L’al di là in Giappone: i morti inquieti

Dopo la morte, alcune anime non potranno mai varcare la soglia ultima dell’altro mondo: la società dei morti non le vuole così come i vivi le temono e le respingono.
La loro situazione di angoscia esistenziale, e non l’Inferno, è la vera negazione del Paradiso; per volere o per caso, questi spiriti in pena hanno rifiutato la vita o l’hanno amata troppo, e sono morti male: perciò sono costretti in una situazione di ambiguità esistenziale fra vita e morte, infestano i margini del mondo dei vivi e cercano di penetrarvi.

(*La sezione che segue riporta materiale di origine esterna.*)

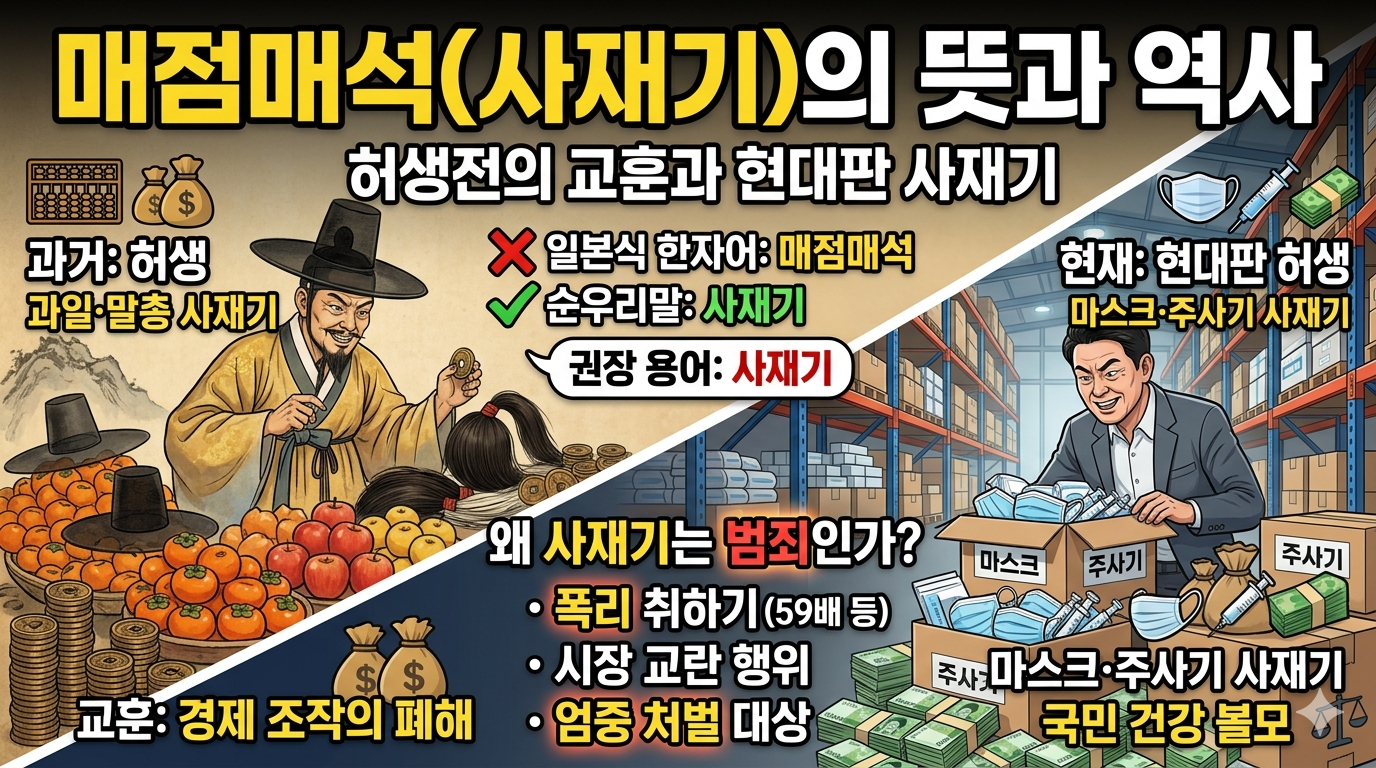 - 역사 속 사례: 소설 속 인물 '허생'은 과일과 말총을 사재기해 나라 경제를 흔들었습니다. 2026년의 '현대판 허생'들은 마스크나 주사기 등 국민 건강을 볼모로 잡고 있다는 점에서 그 죄질이 훨씬 무겁습니다.
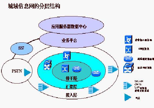 從網(wǎng)絡(luò)的層次結(jié)構(gòu)看,城域信息網(wǎng)由骨干層、匯聚層和接入層、業(yè)務(wù)平臺(tái)和管理平臺(tái)幾部分組成,Sinov-100I話機(jī)屬于接入層設(shè)備。

L’immaginazione popolare li vede che vagano inquieti nell’intrigo del sottobosco o che aspettano in quelle zone scure da cui si sente trapelare qualcosa di non pienamente conoscibile, una realtà inquietante, una potenzialità fuori controllo.
Di questa categoria di esseri fanno parte le anime dei bambini morti, i mizuko (水子), e gli spiriti senza discendenza, i muenbotoke (無縁仏): lo spirito muenbotoke in vita era un emarginato perchè, non essendo primogenito, era automaticamente escluso dalla linea di successione. Doveva diventare indipendente e fondare un suo nucleo familiare ma non l’ha voluto fare ed è rimasto solo nella vita, mal tollerato dall’erede capo-famiglia che ha sempre sospettato in lui un potenziale rivale in autorità. La sua solitudine continua nell’aldilà: spirito anonimo, muen (senza legami sociali), è stato in fondo defraudato anche di una buona morte, perchè non ha nessun erede che possa curarsi dei riti alla sua memoria e guidarlo nel mondo degli antenati.
Vi è un rapporto di somiglianza e di antitesi tra i muenbotoke e gli spiriti dei bambini mai nati: ambedue non si sono integrati nel mondo dei vivi e, in modo speculare, non possono far parte del mondo dei morti.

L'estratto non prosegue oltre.